[What you are asked to do] Only the lines below from the one containing "Set salotto giardino" through the one containing "6. A copy of" belong in the answer, repeated exactly and without pictures.

[Stored items]
=== Section Start ===

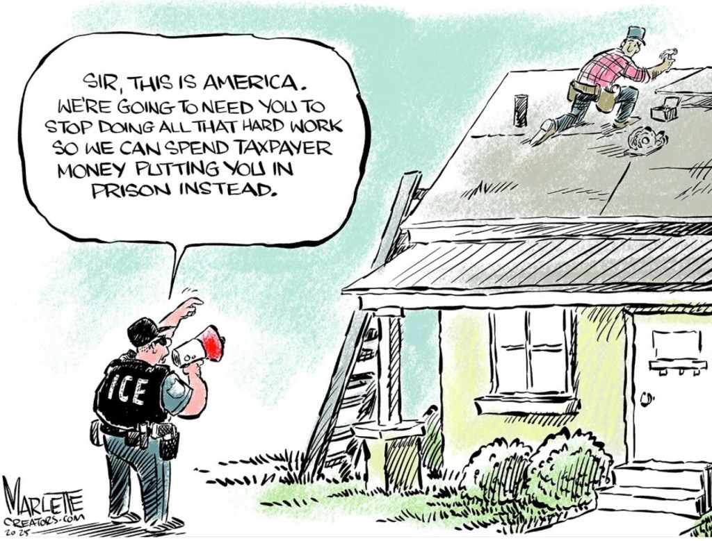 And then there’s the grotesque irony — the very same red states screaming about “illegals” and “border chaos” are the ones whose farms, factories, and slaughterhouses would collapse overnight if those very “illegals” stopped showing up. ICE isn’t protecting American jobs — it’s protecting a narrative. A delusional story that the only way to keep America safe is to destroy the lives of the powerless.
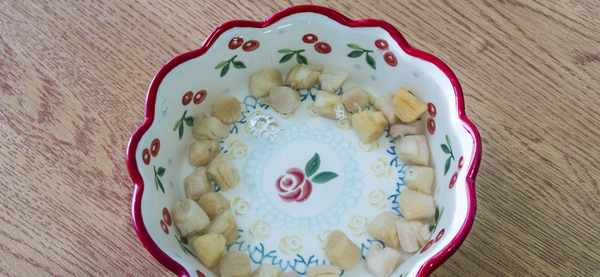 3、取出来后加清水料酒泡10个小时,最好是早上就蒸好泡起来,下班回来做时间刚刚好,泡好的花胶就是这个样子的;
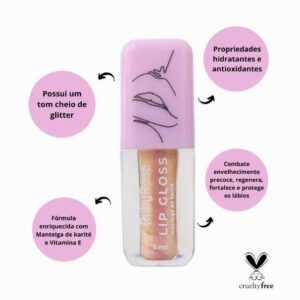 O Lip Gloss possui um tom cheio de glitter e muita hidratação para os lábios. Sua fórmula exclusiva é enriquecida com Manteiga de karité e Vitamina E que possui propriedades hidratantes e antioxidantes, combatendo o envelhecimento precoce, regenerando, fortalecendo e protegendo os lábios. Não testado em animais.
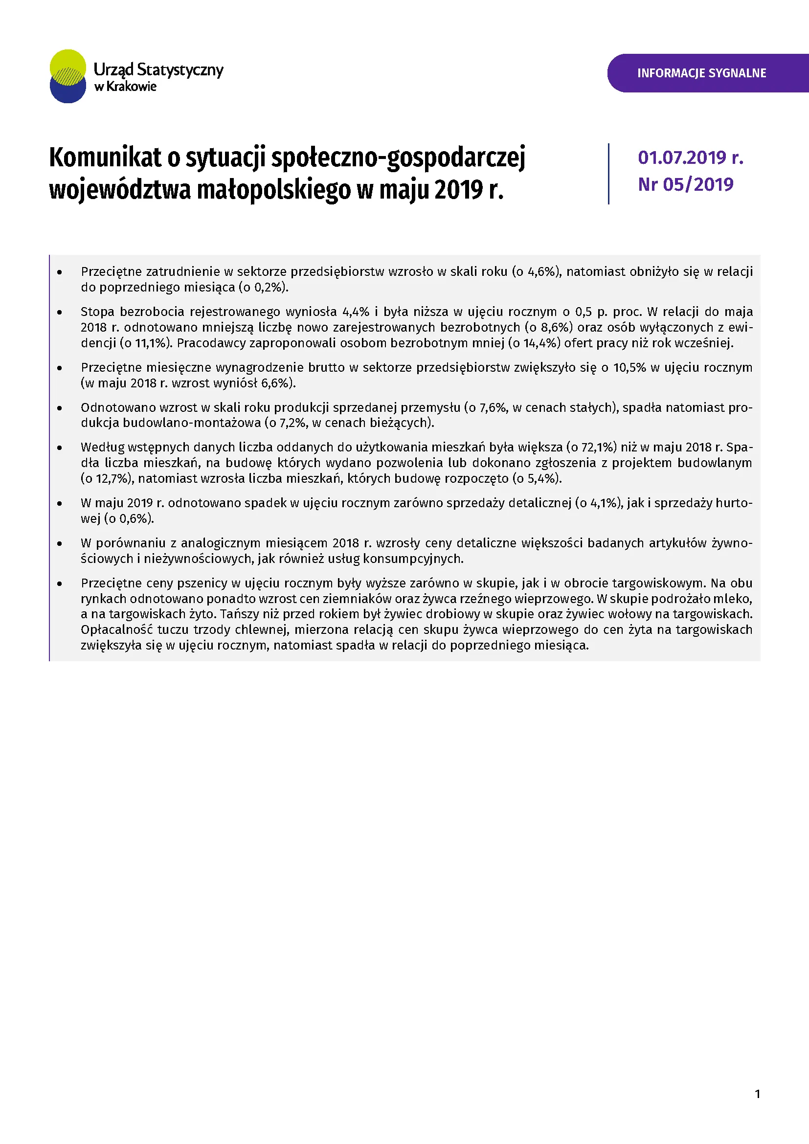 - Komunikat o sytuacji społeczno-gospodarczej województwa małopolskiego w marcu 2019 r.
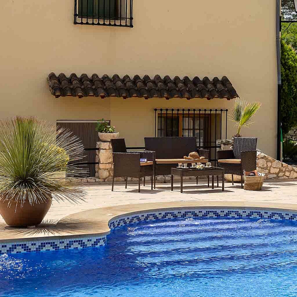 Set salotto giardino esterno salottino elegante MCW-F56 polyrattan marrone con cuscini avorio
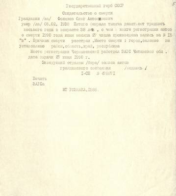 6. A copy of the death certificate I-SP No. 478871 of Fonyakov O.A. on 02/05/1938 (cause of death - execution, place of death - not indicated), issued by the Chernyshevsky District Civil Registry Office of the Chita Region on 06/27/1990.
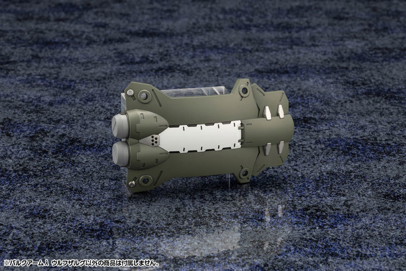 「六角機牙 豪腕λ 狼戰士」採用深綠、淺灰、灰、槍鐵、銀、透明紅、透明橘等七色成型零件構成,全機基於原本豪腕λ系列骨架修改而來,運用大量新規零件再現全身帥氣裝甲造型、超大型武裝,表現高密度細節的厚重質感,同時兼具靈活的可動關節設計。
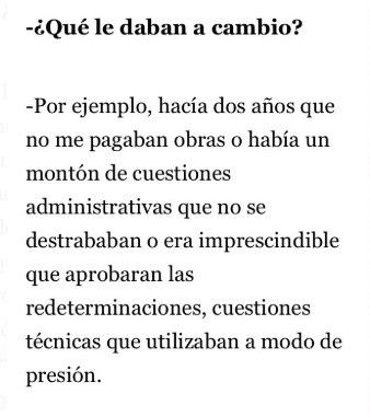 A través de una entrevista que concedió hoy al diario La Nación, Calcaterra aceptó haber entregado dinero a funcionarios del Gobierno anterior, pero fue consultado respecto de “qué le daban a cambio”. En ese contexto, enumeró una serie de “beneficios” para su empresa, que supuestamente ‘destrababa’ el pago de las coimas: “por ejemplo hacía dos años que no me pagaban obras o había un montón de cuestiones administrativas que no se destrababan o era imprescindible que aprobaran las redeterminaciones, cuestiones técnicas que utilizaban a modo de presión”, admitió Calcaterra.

=== Section End ===

[Your solution]
 Set salotto giardino esterno salottino elegante MCW-F56 polyrattan marrone con cuscini avorio
 6. A copy of the death certificate I-SP No. 478871 of Fonyakov O.A. on 02/05/1938 (cause of death - execution, place of death - not indicated), issued by the Chernyshevsky District Civil Registry Office of the Chita Region on 06/27/1990.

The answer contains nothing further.